Focused harness: dart run benchmark/experiments/select_bytes_wide_cols.dart.

This produced a visible candidate-faster signal, but the confirmation baseline

also drifted much slower than the first baseline, so magnitude is not

load-bearing.

ShapeBaseline P1Candidate P1Delta P1Candidate P2Baseline P2Delta P2
10k rows x 8 int cols2.539 ms2.181 ms-14.1%2.105 ms3.547 ms-40.7%
10k rows x 20 int cols6.486 ms5.485 ms-15.4%5.174 ms7.058 ms-26.7%
10k rows x 8 mixed cols2.779 ms2.635 ms-5.2%2.327 ms4.022 ms-42.1%
10k rows x 20 mixed cols8.906 ms6.251 ms-29.8%5.982 ms8.091 ms-26.1%
10k rows x 2 int cols0.801 ms0.685 ms-14.5%0.658 ms0.870 ms-24.4%

There is probably a real ceiling in the wide fixed-shape case: skipping one

SQLite type probe per cell is not free. But the mixed benchmark signal is not

enough to overcome the semantic failure below, and the integer-specific harness

does not reproduce a clean win.

Dynamic type hazard

A targeted local probe created a single untyped SQLite column, inserted an

INTEGER in row 1 and TEXT in row 2, and compared selectBytes() with

select():

 selectBytes prototype: [{"v":1},{"v":0}] select baseline:       [{"v":1},{"v":"abc"}] 

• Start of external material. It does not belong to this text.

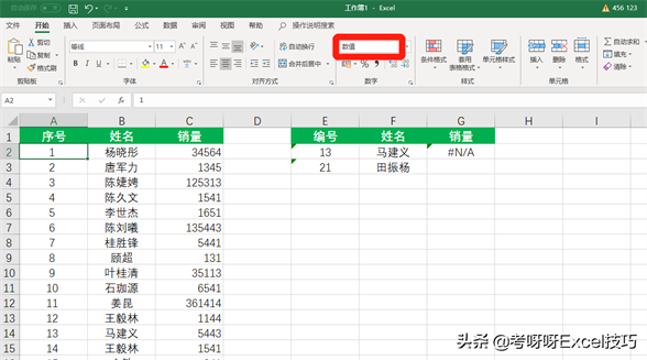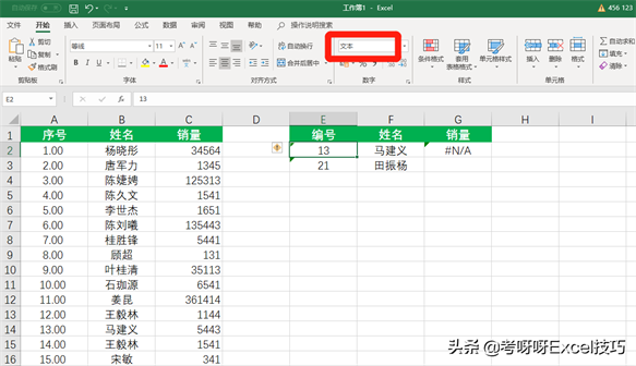 但却出现了错误值,错误的原因在于两个表格中的序号格式不一致。

The prototype cached row 0 as SQLITE_INTEGER, then serialized row 1 with

sqlite3_column_int64(). SQLite converted the text value "abc" to integer

0, producing wrong JSON.

This is not an edge condition outside SQLite's model. SQLite storage classes are

per value, not per column, unless a stronger schema contract is present and

proven usable by the encoder.

Validation:

 dart pub get dart run benchmark/experiments/select_bytes_int_heavy.dart dart run benchmark/experiments/select_bytes_wide_cols.dart 

The dynamic-type probe was local-only and removed before publication.

Decision

Rejected as a hidden default.

The performance ceiling is plausible on fixed-shape wide rows, but the

assumption is not safe for ordinary SQLite result sets. Caching the first row's

storage class can silently corrupt selectBytes() output as soon as later rows

carry a different storage class. The only safe hidden implementation would need

to reintroduce per-cell verification or a proof layer whose complexity is not

justified by the current mixed performance evidence.

Future Notes

only on the first row.

declared-type plus query-shape constraints, a generated/static statement

mode, or an explicit user-visible contract.

ceiling check, but require a dynamic-storage-class correctness guard before

any production code can be accepted.